Blog Reports: Are The Traditional Analyst Firms Kidding?
I have maintained for years that the traditional analyst firms — like Gartner and Forrester — are, in general, way out of touch with what is going on at the creative fringe. To some extent, that makes sense, since their raison d’etre is to read the tea leaves for big, risk-averse, slow-moving, late adopter enterprises. With the exception of the occasional savant, like Charlene Li, the sorts of people drawn to these analyst roles, today, are a strange hybrid of journalist and consultant, with some of the positive and negative characteristics of both. They sometimes wrap themselves in the brand of the analyst firm, deriving their authority from the brand rather than their own experience and insight. Often, they seem to have no real business experience, like journalists.
So it comes as little surprise when you stumble across a title like this — Forrester Research: Blogging: Not Even Close To Mainstream — and come to find out that blogging is not mainstream.

Of course, this Forrester piece was written back in 2003, and is countered by Charlene Li’s recent “Blogging: Bubble or Big Deal?” report, which exhorts corporations to get on with it in order to influence the influencers.
At least in the world of blogging, the old dumb stuff we wrote back in 2003 is concealed in the archives, and not pulled up in the face of every visitor based on some keyword search.
But still, I believe that this is just another example of how the analyst firms trying to bank on making timid recommendations to their clients, playing on their fervent hope that tomorrow will be like yesterday.
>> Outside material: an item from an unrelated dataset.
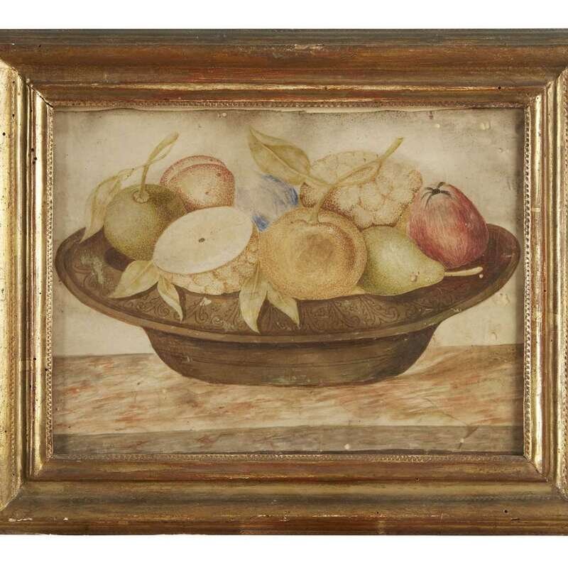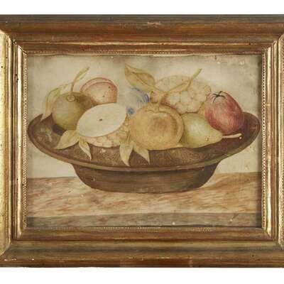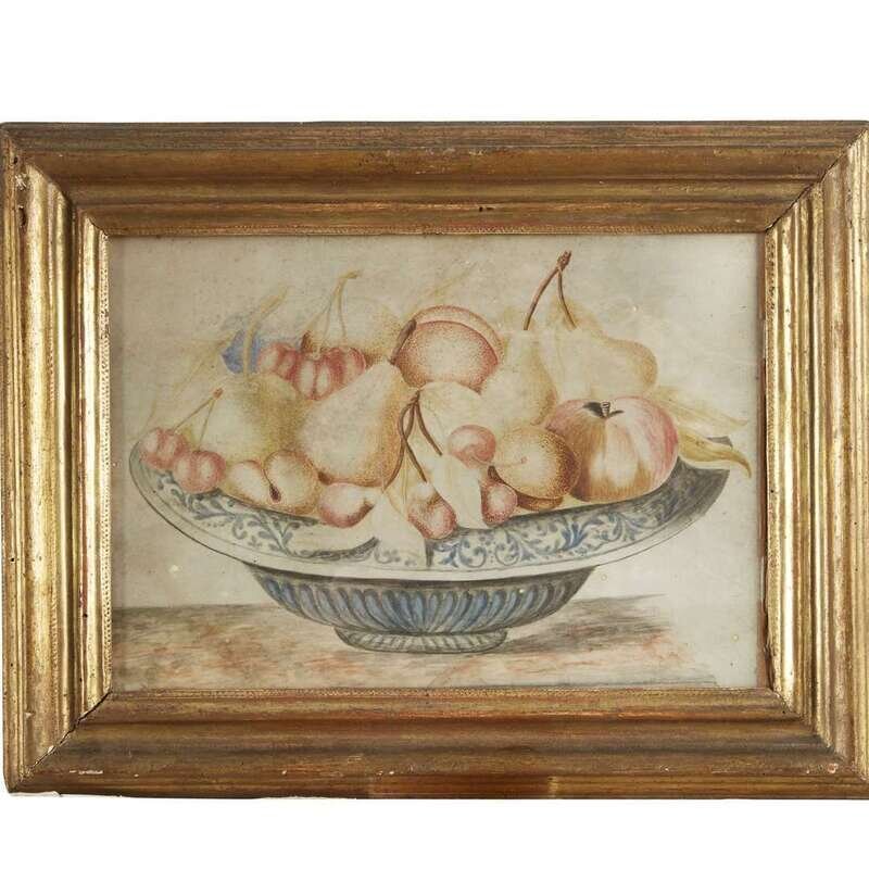 Depicting two still lives of bowls of fruit, painting in watercolor on vellum. (2).

I bet that a quick analysis of the leading firms reports on blogging prior to the 2004 elections would have generally supported the view that blogs are out of the mainstream, cater to greasy-haired geeks, and can be conveniently ignored. How many corporations would have been significantly farther down the road with social media today if more people like Charlene had been coaxing them to take giant steps toward the 21st century, instead of keeping their heads in the sand?